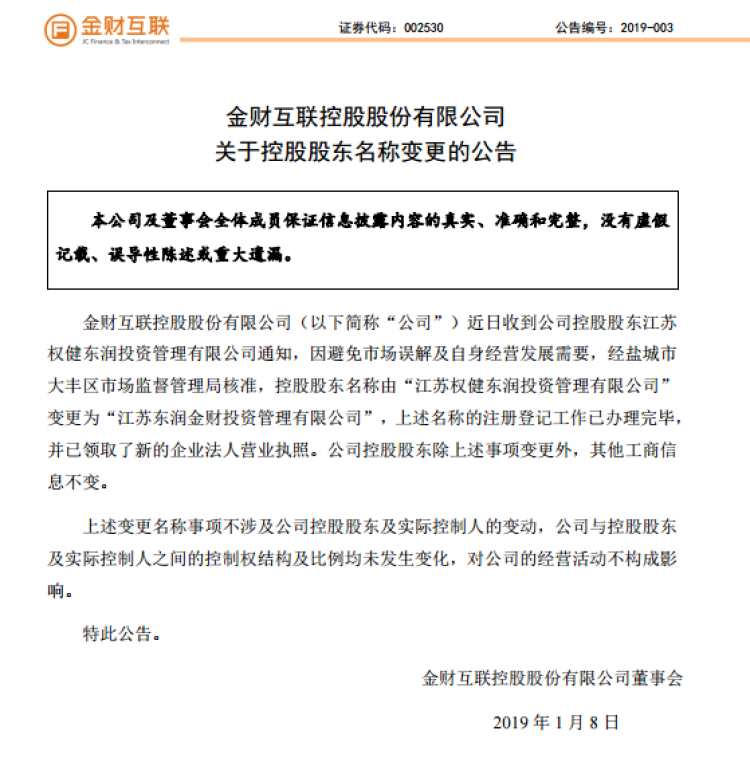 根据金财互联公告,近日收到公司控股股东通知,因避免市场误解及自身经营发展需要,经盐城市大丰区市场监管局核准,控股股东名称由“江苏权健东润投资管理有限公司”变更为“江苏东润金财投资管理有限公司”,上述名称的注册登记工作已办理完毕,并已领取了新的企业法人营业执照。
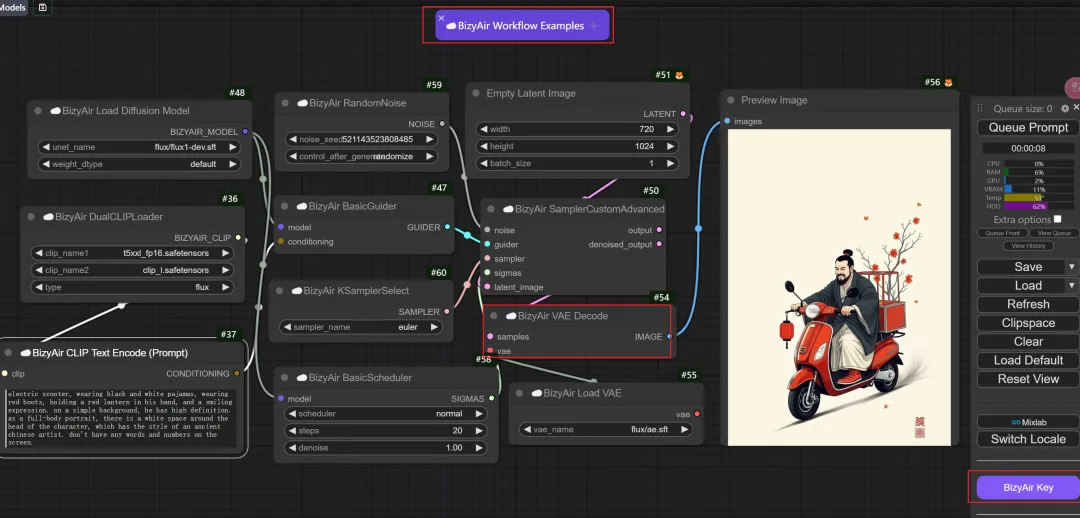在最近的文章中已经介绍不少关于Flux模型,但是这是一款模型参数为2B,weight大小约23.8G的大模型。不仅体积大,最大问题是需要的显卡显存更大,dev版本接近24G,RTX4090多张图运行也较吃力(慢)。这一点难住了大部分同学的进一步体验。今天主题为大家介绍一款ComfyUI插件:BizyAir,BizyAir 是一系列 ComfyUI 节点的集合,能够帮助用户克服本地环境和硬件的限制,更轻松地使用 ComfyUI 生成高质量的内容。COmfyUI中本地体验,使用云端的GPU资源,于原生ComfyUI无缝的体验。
* * * * * * *
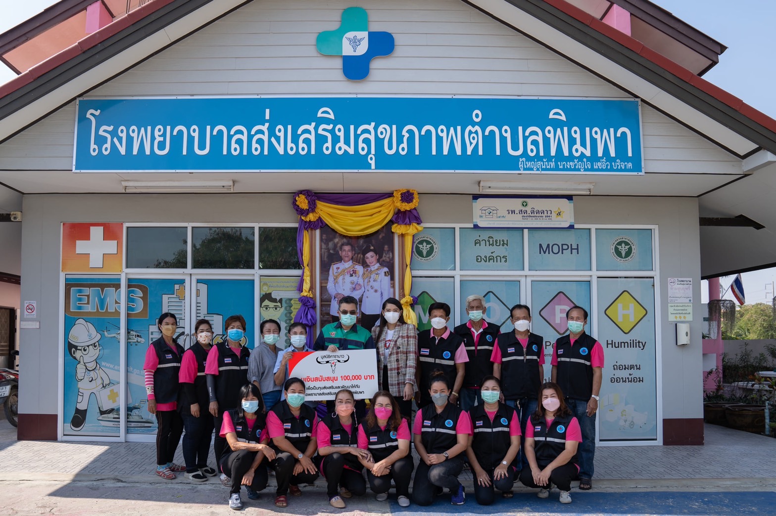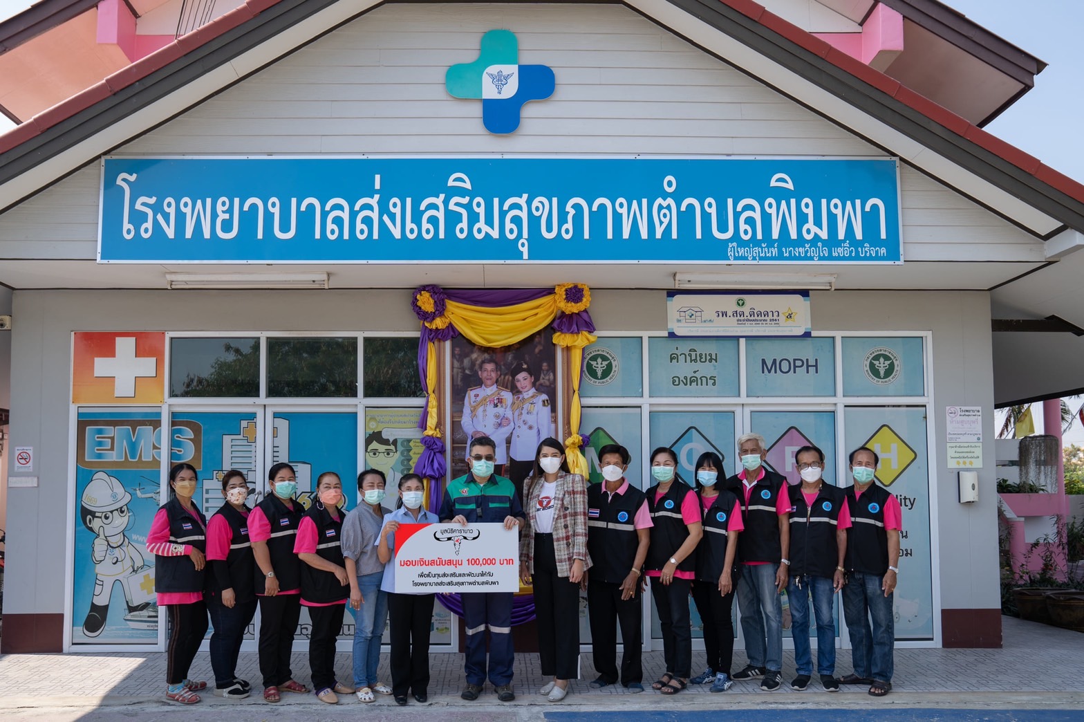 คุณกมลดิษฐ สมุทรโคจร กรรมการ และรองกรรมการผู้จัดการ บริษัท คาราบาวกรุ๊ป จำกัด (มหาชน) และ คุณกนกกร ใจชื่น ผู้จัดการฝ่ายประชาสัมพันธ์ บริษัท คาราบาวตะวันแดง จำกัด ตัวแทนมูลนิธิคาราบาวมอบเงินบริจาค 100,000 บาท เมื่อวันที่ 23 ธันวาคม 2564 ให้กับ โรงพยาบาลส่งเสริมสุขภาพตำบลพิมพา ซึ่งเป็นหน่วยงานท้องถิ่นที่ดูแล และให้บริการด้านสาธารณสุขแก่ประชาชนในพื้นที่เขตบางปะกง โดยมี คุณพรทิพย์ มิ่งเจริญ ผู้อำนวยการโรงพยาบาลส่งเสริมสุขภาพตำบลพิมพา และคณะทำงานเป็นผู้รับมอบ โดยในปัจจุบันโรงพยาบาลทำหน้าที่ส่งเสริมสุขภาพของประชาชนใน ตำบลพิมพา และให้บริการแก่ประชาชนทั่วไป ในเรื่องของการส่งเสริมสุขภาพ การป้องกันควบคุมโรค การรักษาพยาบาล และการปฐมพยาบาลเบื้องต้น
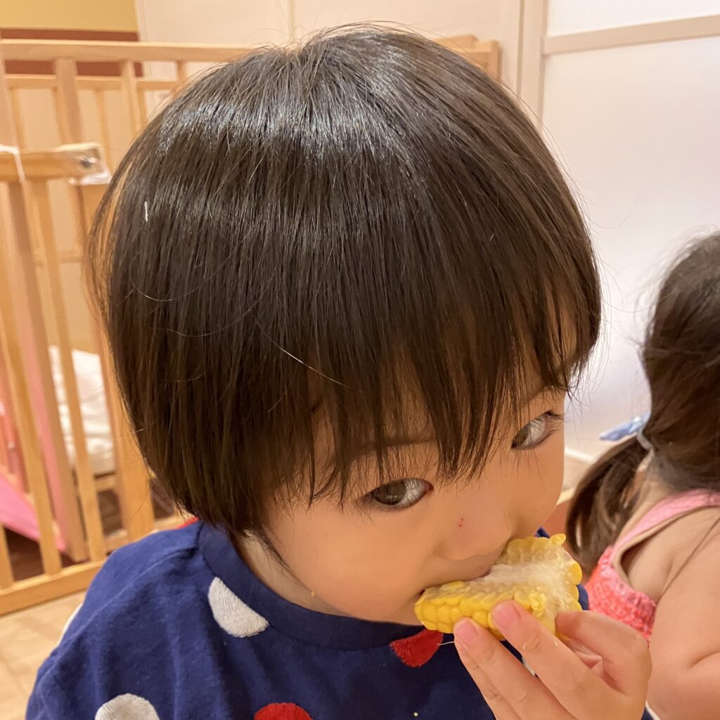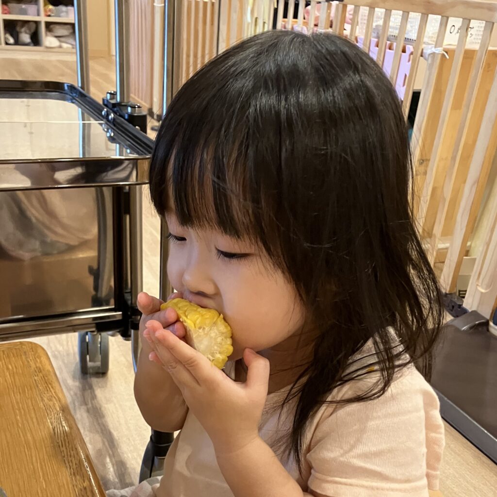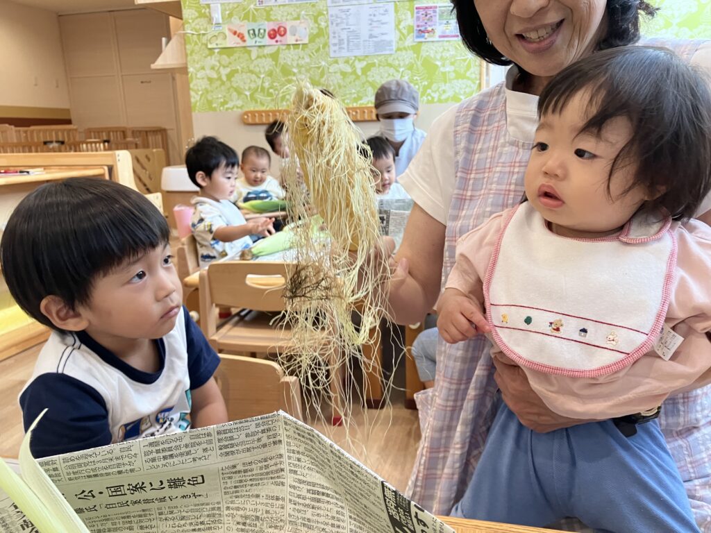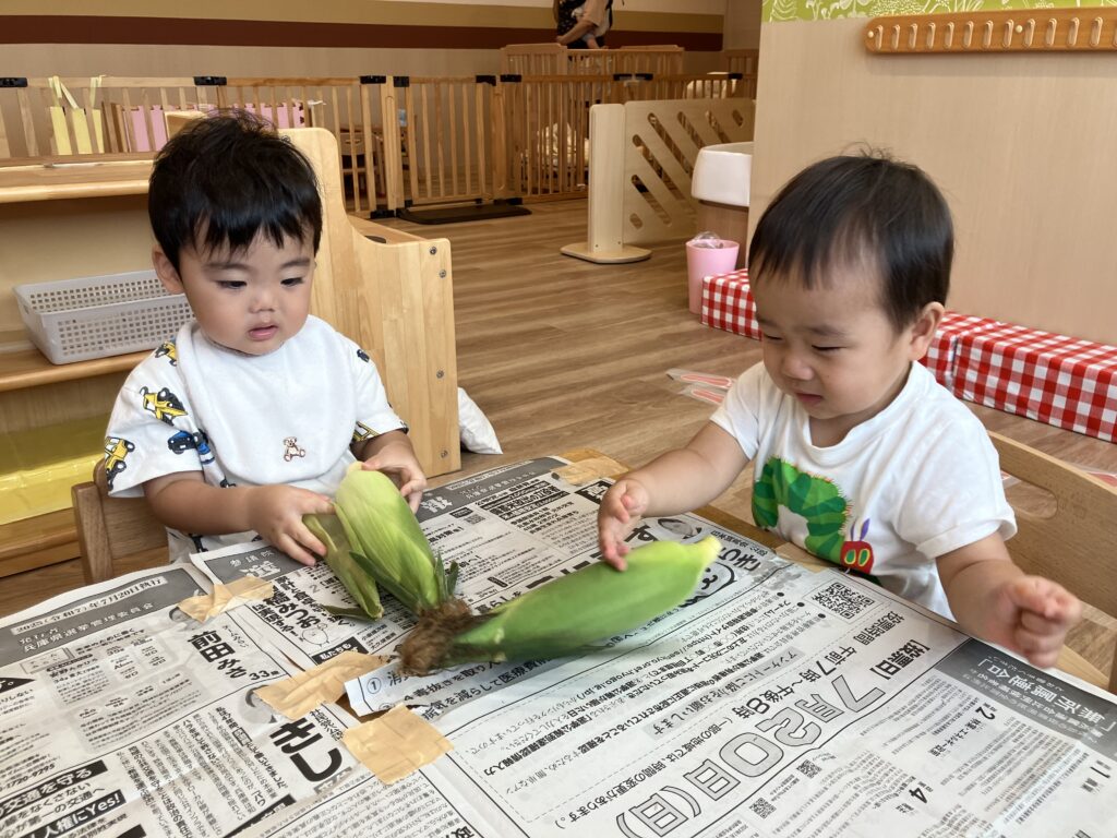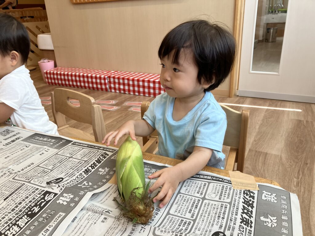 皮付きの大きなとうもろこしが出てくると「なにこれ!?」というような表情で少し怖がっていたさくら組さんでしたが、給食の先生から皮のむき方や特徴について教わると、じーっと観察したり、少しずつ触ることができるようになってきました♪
* * * * * * *
**WORK TASK:** Restate word for word every line from the one with "根据金财互联公告,近日收到公" up to and including the one with "是一系列 ComfyUI 节点的集合,能够帮助用户克服本地环境和硬件的限制,更轻松地使用" in the records above, minus the pictures.

**EXPECTED OUTPUT:**
 根据金财互联公告,近日收到公司控股股东通知,因避免市场误解及自身经营发展需要,经盐城市大丰区市场监管局核准,控股股东名称由“江苏权健东润投资管理有限公司”变更为“江苏东润金财投资管理有限公司”,上述名称的注册登记工作已办理完毕,并已领取了新的企业法人营业执照。
在最近的文章中已经介绍不少关于Flux模型,但是这是一款模型参数为2B,weight大小约23.8G的大模型。不仅体积大,最大问题是需要的显卡显存更大,dev版本接近24G,RTX4090多张图运行也较吃力(慢)。这一点难住了大部分同学的进一步体验。今天主题为大家介绍一款ComfyUI插件:BizyAir,BizyAir 是一系列 ComfyUI 节点的集合,能够帮助用户克服本地环境和硬件的限制,更轻松地使用 ComfyUI 生成高质量的内容。COmfyUI中本地体验,使用云端的GPU资源,于原生ComfyUI无缝的体验。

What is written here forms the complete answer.